Workload Arbiter

In this section, you will learn about the following components in Spatial:

  • Stream controllers

  • Forever Counters

  • Controller Breaks

Note that a large collection of Spatial applications can be found here.

Overview

Here we give an example application where a scheduler dynamically determines which worker should receive which packet at runtime. We create an architecture shown in the animation on the right.

Architectural Description: There is a scheduler is responsible for reading data from a work list in DRAM. It should distribute this data by issuing each packet to one of three workers, based on a schedule that attempts to issue the newest command to the “least busy” worker. Each worker processes to the end of its inbound work queue, and remains idle if the queue is empty. After all packets have been processed, the scheduler broadcasts a “done” packet to all of its workers. When each worker sees this packet, it issues a signal to the final stage to wrap up the computation. This final stage has three inbound streams and will begin only when all three have valid data.

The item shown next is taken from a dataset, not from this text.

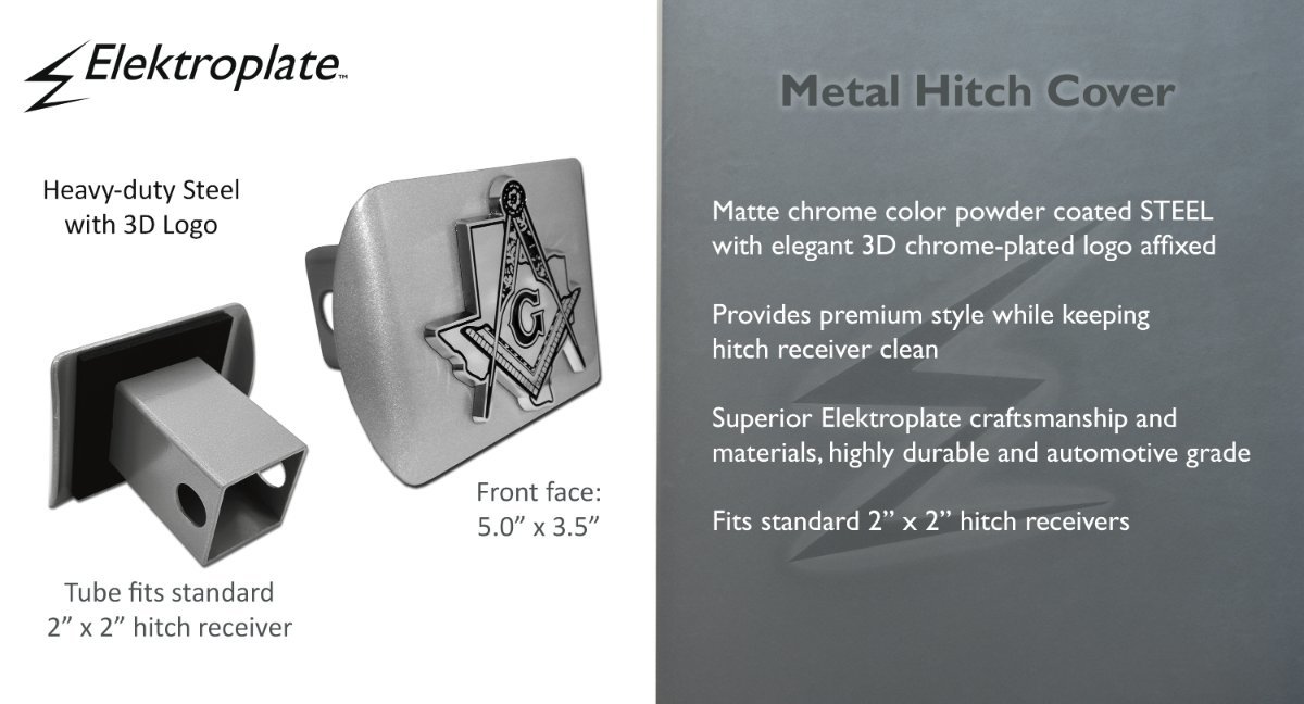 Proudly display your Texas Masonic heritage with this Mason (Texas) all-metal hitch cover by Elektroplate. Featuring a chrome-plated Mason emblem mounted on a brushed all-metal hitch plate measuring 5” x 3.5”, this premium accessory offers both bold style and exceptional durability. It’s designed to fit all standard 2” trailer hitch receivers, and if it doesn’t fit perfectly, you may return it for a full refund.
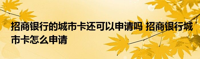 导读 大家好,小元来为大家解答问题。招商银行的城市卡还可以申请吗,招商银行城市卡怎么申请这个很多人还不知道,现在让我们一起来了解下吧!

Function Descriptions (not shown in animation): The scheduling function we use keeps a score for each worker, where the “length” of a packet is added to the score when the new packet is issued, and decrements one from the score each cycle. Each worker parses the integer “payload” of the packet, and increments an external counter for that many counts. It also tracks the “index” of the payload in a local history so that we can reconstruct which worker processed which packet afterwards. The finisher reports the status of the architecture, and interleaves the histories of the three workers into a single list.

Note, there are cleaner ways to express this particular application, but we choose to sprawl much of the code to demonstrate the concepts. The functions in this particular architecture are contrived, but learning the concepts from this example will help you generalize to more complicated apps without making common mistakes.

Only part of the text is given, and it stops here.